Scan the records below for the line with "- Przemyślany układ" and the line with "Décédée à Sainte-Mère-Eglise (50480, France)", and retype that range exactly, both ends included, pictures excepted.

RECORDS SHOWN –
════════════════

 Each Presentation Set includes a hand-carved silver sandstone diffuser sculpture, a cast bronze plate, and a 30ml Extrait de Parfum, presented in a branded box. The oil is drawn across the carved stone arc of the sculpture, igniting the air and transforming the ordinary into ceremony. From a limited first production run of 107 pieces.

════════════════

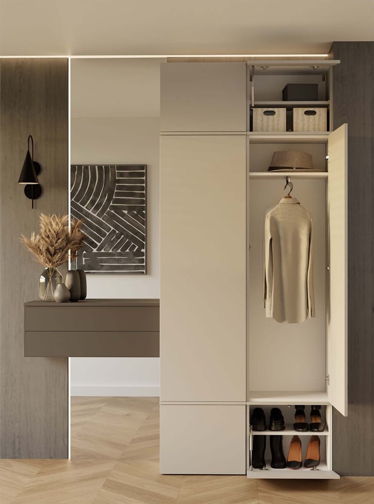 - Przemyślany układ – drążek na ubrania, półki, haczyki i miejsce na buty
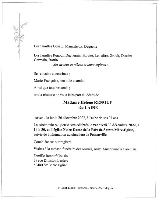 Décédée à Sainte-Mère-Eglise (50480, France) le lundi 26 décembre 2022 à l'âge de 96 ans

════════════════

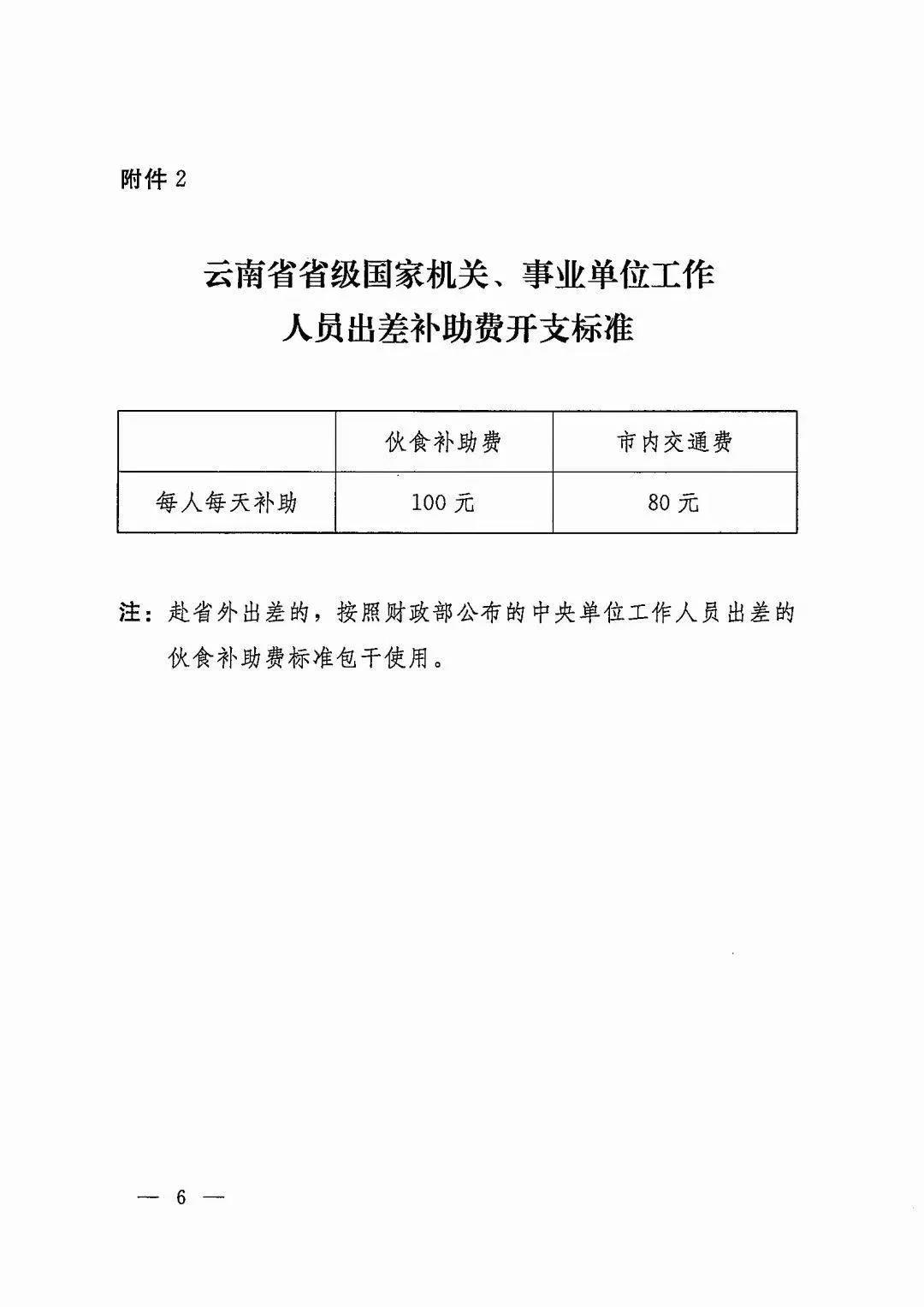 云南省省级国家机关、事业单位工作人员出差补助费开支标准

════════════════

RESPONSE –
 - Przemyślany układ – drążek na ubrania, półki, haczyki i miejsce na buty
 Décédée à Sainte-Mère-Eglise (50480, France) le lundi 26 décembre 2022 à l'âge de 96 ans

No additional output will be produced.